Is there hope in Hope City?

The reactions to Chris Brown’s performance at the Hope City concert on Tuesday, organized by Charterhouse who have denied that the artist smoked marijuana live on stage, are both funny and scary.

From the day we all heard the amount that was paid to the artist to the day he performed and made a mockery of Ghana by smoking and using vulgar language, some of our readers saw it as a clarion call for the security agencies to be more alive in their responsibilities, while others regarded it as a comical indictment of the organisers, who chose to speak out unwisely instead of hiding their faces in shame, see Charterhouse denies Chris Brown smoked “weed”.

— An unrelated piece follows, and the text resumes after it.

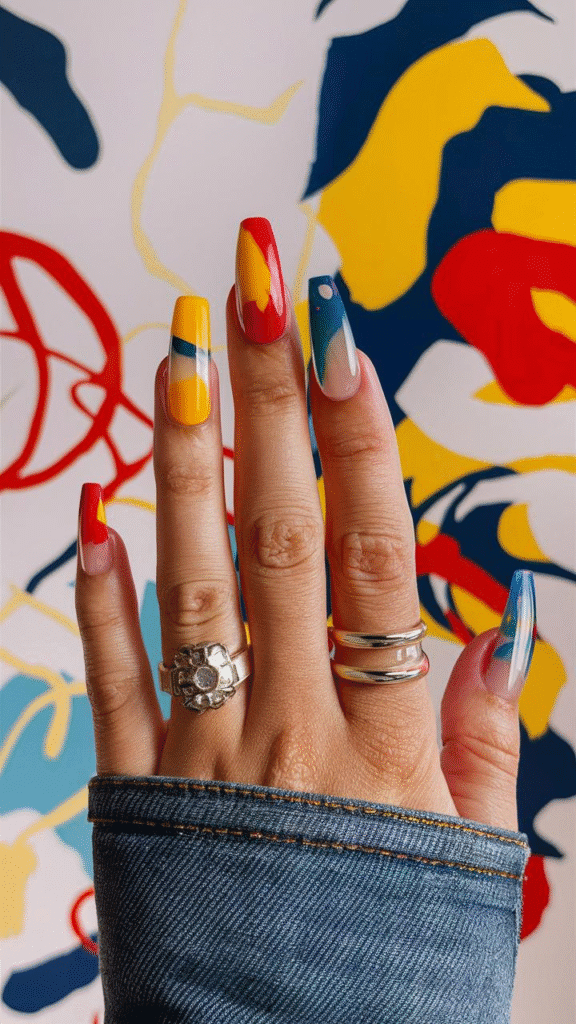 This vibrant image showcases a striking set of gel nails that embody the bold artistic trends expected in 2025. Featuring a stunning array of colors—bright yellows, reds, and blues—these nails are adorned with dynamic abstract patterns that make a powerful statement. This design is perfect for individuals who enjoy showcasing their creativity and personality through their nail art. To achieve this eye-catching look, it’s advisable to consult a professional nail artist skilled in abstract designs, ensuring that each brushstroke is expertly applied for a polished finish that truly stands out.

It got funnier when the financier of the Hope City concert sent in this release STATEMENT: Rlg – Chris Brown smoked “an electronic cigarette”stating that the alleged marijuana was an electronic cigarette.

Why was Chris Brown invited to Ghana at all given his background of mal-handling the opposite sex? We must ask this question: if organisers thought that a person with such a questionable history was worthy of performing in front of thousands of Ghanaians, is there really hope in Hope City?”

In 2007 and 2012 in Sweden and Norway respectively, Snoop Dogg, a major hip hop artist, was been detained and fined for possessing marijuana. And what happened to Chris Brown when he lit his marijuana and smoked on stage In Ghana? He got off scot-free? Thus, the question is there ‘hope’ in Hope City?”

A warning must be sent to Chris Brown, through the organisers, that we shall not be cajoled by their flimsy excuses before bringing another law breaker to Ghana to pummel, trample and ridicule our culture all in the name of entertaining us. To be forewarned is to be forearmed!